Gestion des chocs internes : sécheresse et séisme d’Al Haouz
Si la discipline budgétaire est louable, elle n’occulte pas l’ampleur des défis intérieurs. La troisième année consécutive de sécheresse a érodé la valeur ajoutée agricole, dont la reprise n’atteint que 1,4 %. Dans un pays où l’emploi rural demeure prépondérant, la question hydrique s’impose désormais comme un déterminant majeur de la stabilité sociale. Le gouvernement a multiplié les transferts de crédits vers les programmes d’irrigation d’urgence et la désalinisation, tout en maintenant les stocks stratégiques de céréales à un niveau jugé « confortable ».
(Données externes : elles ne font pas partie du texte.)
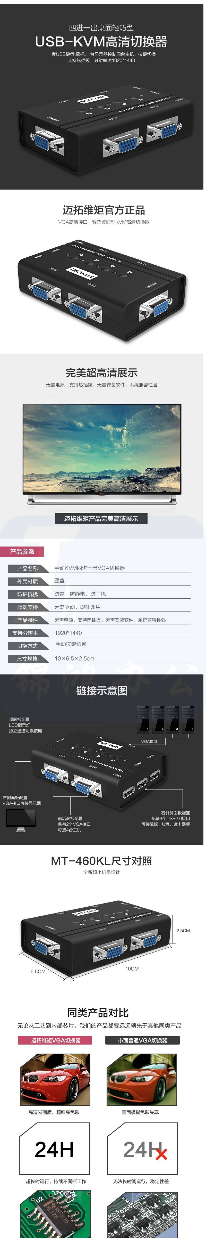 迈拓维矩MT-460KL 4口 USB KVM切换器 4进1出电脑鼠键共享器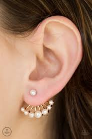 A dainty white pearl attaches to a double-sided post, designed to fasten behind the ear. Brushed in a high-sheen shimmer, the pearl encrusted double-sided post peeks out beneath the ear for a refined look. Earring attaches to a standard post fitting.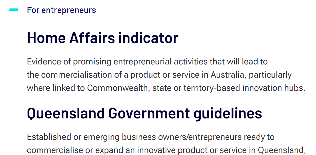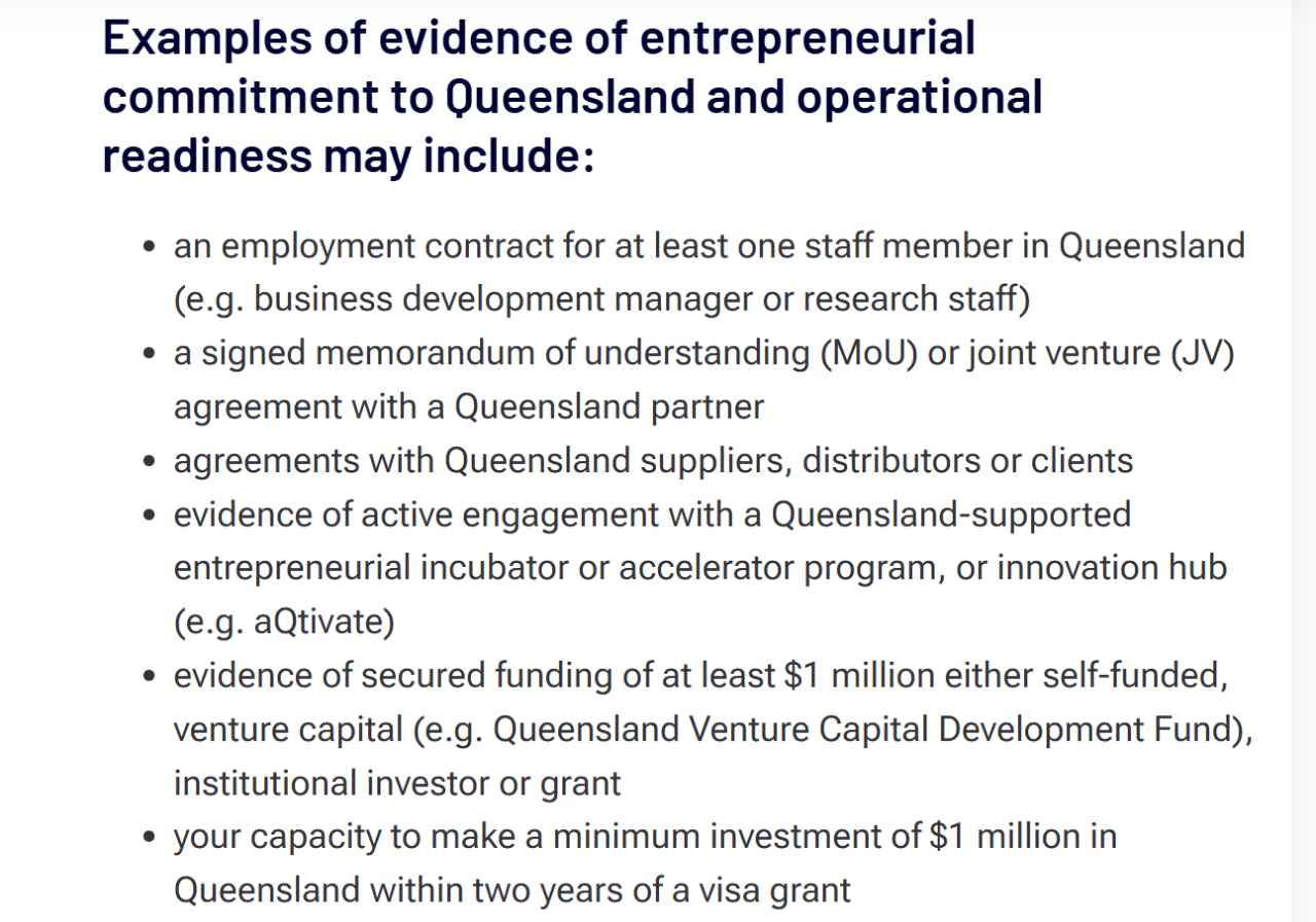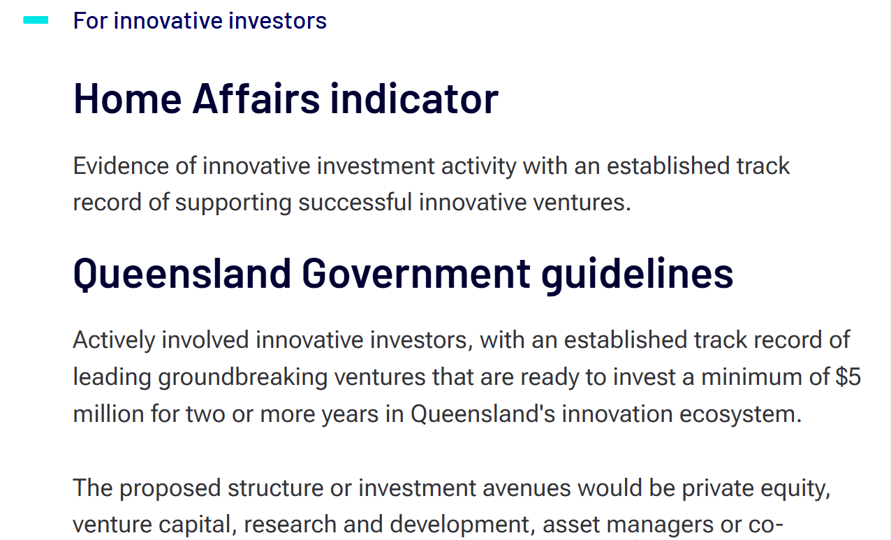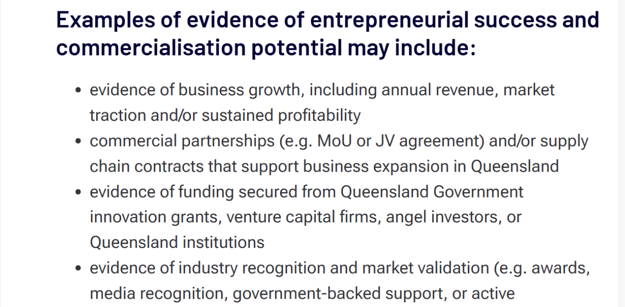 已在昆士蘭州建立或正嶄露頭角的企業主/創業者,準備將一項創新性的產品或服務推向市場或進行擴展,且具備至少100萬澳幣的最低投資門檻。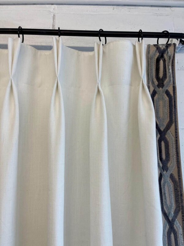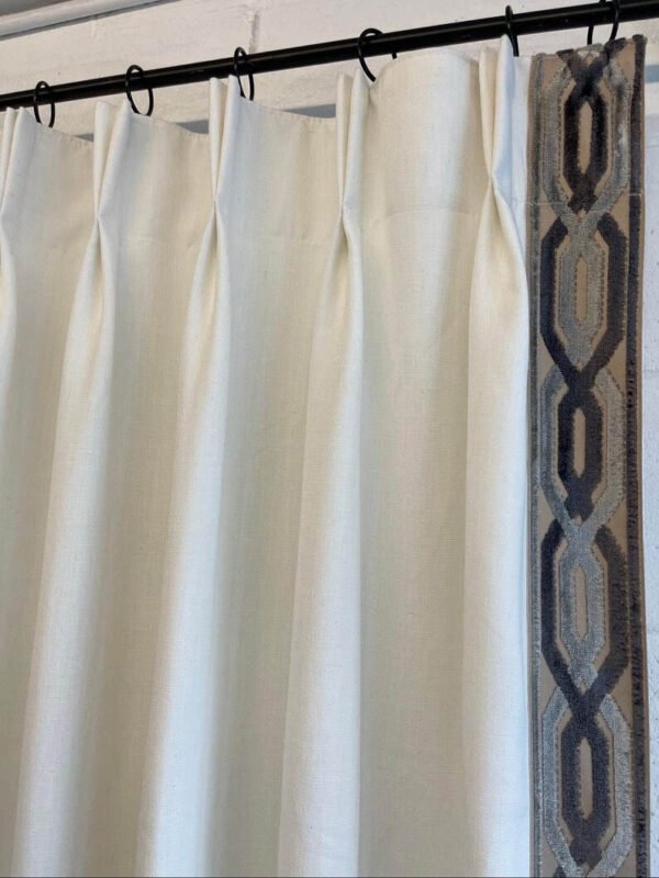 Linen Pinch Pleat drapes off white with trim tape curtains French pleated fretwork grey charcoal trimming lining blackout 36” x 84” in stock

Le tremblement de terre du 8 septembre dans la région d’Al Haouz a, lui, ravivé la mémoire collective des catastrophes naturelles. Les autorités ont dégainé, sous l’impulsion directe du Roi Mohammed VI, un programme de reconstruction de 120 milliards de dirhams, financé pour partie par un fonds spécial et pour partie par des réaffectations budgétaires. Cette réactivité a limité l’impact macroéconomique immédiat et, surtout, renforcé la légitimité de l’État auprès des populations de l’Atlas.
Consolidation des réserves et crédibilité extérieure
Le rétrécissement du déficit commercial – grâce à un repli de la facture énergétique et à la ferme progression des exportations automobiles et phosphatières – a permis aux réserves en devises d’atteindre 359 milliards de dirhams, soit 5 mois et demi d’importations. Cet amortisseur externe protège le dirham et facilite la transition vers un régime de change plus flexible, objectif que Bank Al-Maghrib continue de piloter avec prudence.
Sur le front de la conformité financière, la sortie simultanée des listes grises du GAFI et de l’Union européenne a dissipé un nuage réputationnel vieux de trois ans. « Un gage de sérieux dans la lutte contre le blanchiment et le financement du terrorisme », juge un diplomate européen à Rabat, qui y voit aussi un levier pour attirer davantage d’Investissements directs étrangers, particulièrement dans les énergies renouvelables.
Enjeux 2024 : réformes structurelles et vulnérabilités persistantes
La consolidation budgétaire de 2023 offre une marge de manœuvre, mais le gouvernement sait que la trajectoire reste fragile. La généralisation imminente de l’Assurance maladie obligatoire et l’opérationnalisation du Registre social unifié vont augmenter les pressions sur les finances publiques. Parallèlement, le chantier de la réforme fiscale – visant une meilleure progressivité et une élargissement de l’assiette – demeure politiquement sensible à un an seulement des élections communales.
En toile de fond, la question hydrique pourrait devenir le principal facteur de volatilité macroéconomique, un choc climatique supplémentaire pouvant annuler les gains engrangés sur le front de la dette. L’exécutif parie sur la poursuite de la diversification industrielle (hydrogène vert, batteries électriques) pour renforcer ses recettes en devises et réduire sa dépendance aux importations d’énergie fossile. À court terme, le maintien de la notation investment grade apparaît comme la clé pour accéder à des lignes de financement à coût modéré, condition sine qua non pour financer un agenda social et climatique exigeant.